McCann was genuinely surprised. “No, sir.”

Crane looked at him. “A pity. You might have learned something if you had. You’ve got a good flying record, McCann. Before you came to us, you were on Rhinos.” Rhino was slang for the Phantom, the aging but powerfully brutish twin-engined fighter bomber.

“Yes, sir. I was on F-4Es.”

“Again, your flying record during that period
is excellent. But you apparently got into an argument with another major, on tactics,
during
a hard turning fight. Do you always pick arguments with majors, Lieutenant?”

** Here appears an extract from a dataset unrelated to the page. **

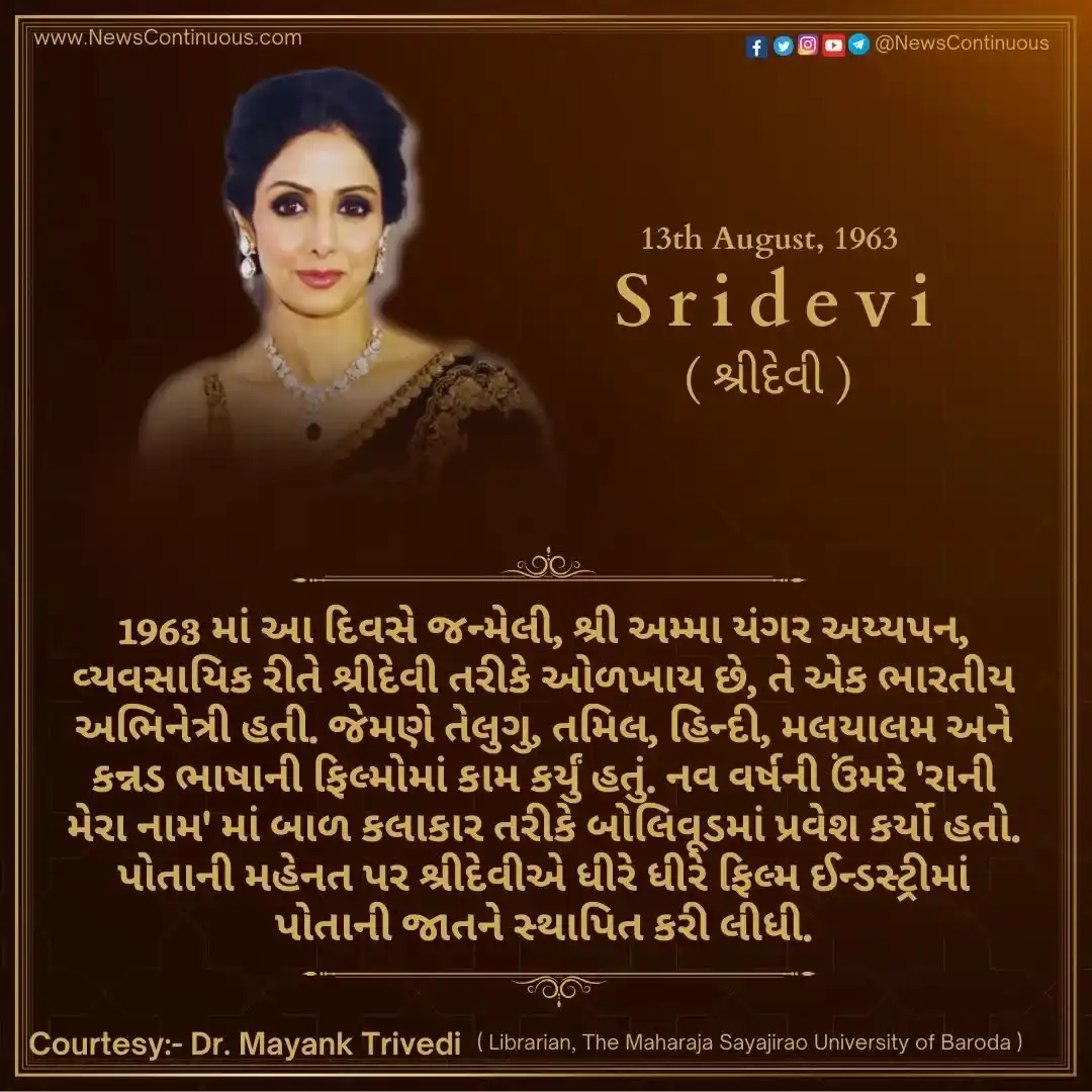 Sridevi: 1963 માં આ દિવસે જન્મેલી, શ્રી અમ્મા યંગર અય્યપન, વ્યવસાયિક રીતે શ્રીદેવી તરીકે ઓળખાય છે, તે એક ભારતીય અભિનેત્રી ( Indian actress ) હતી. જેમણે તેલુગુ, તમિલ, હિન્દી, મલયાલમ અને કન્નડ ભાષાની ફિલ્મોમાં કામ કર્યું હતું. નવ વર્ષની ઉંમરે ‘રાની મેરા નામ’ માં બાળ કલાકાર તરીકે બોલિવૂડમાં ( Bollywood actress ) પ્રવેશ કર્યો હતો. પોતાની મહેનત પર શ્રીદેવીએ ધીરે ધીરે ફિલ્મ ઈન્ડસ્ટ્રીમાં પોતાની જાતને સ્થાપિત કરી લીધી. 19 વર્ષની ઉંમરે, તેણે અમોલ પાલેકર સાથેની ફિલ્મ ‘સોલવા સાવન’ દ્વારા અભિનેત્રી તરીકે બોલિવૂડમાં પ્રવેશ કર્યો હતો. શ્રીદેવીને દેશના ચોથા સર્વોચ્ચ નાગરિક સન્માન પદ્મશ્રીથી નવાજવામાં આવ્યા હતા

“Not if I can help it, Colonel, sir. The incident you mentioned took place during Red Flag at Nellis. We were coming out of Coyote North when we were bounced by a couple of Gomer F-5s.” McCann meant the Tiger II used as MiG simulators against which participating aircraft had to fight. “I called a break and he ignored it. I could see the Gomer, and he couldn’t. He had zeroed in on the Gomer’s buddy and had become fixated. He wouldn’t let go. I called the break again, but got no reaction. He was determined to nail that little F-5. But his buddy nailed us first. I got angry. We could have taken them both if he’d listened. I told him what the hell use was it having a back-seater if he wasn’t going to listen.”

Crane remained silent for a few moments, again reading the file.

“Someone ought to paint two gold oak leaves on your cockpit rim,” he said. “You’ve certainly nailed two majors.”

McCann did not smile. The Colonel was not smiling.

“Some people say,” Crane went on, “you’re a spoilt rich kid. I don’t happen to agree … but you do have a slight problem with superior officers, especially those you think know less than you.” Crane’s eyes, seeming to hold the wisdom of the ages, fastened
upon McCann. “A special memo has been passed to me. There’s a requirement for top crews to form an elite group of squadrons. I’ve recommended you.”

McCann would not have been McCann if he had not snidely suggested: “Getting rid of me, sir?”

“No, Lieutenant. I may be doing you a favour. I may be the only person in the entire United States Air Force who believes it, but I think you have it in you to make the grade to high rank. You might even carry a general’s star one day, if you’re not busted out first. If these new squadrons hold their promise, you’ll be among some of the most envied aircrew in the Western Alliance.”

McCann thought about that for a while, then asked: “Why me, Colonel?”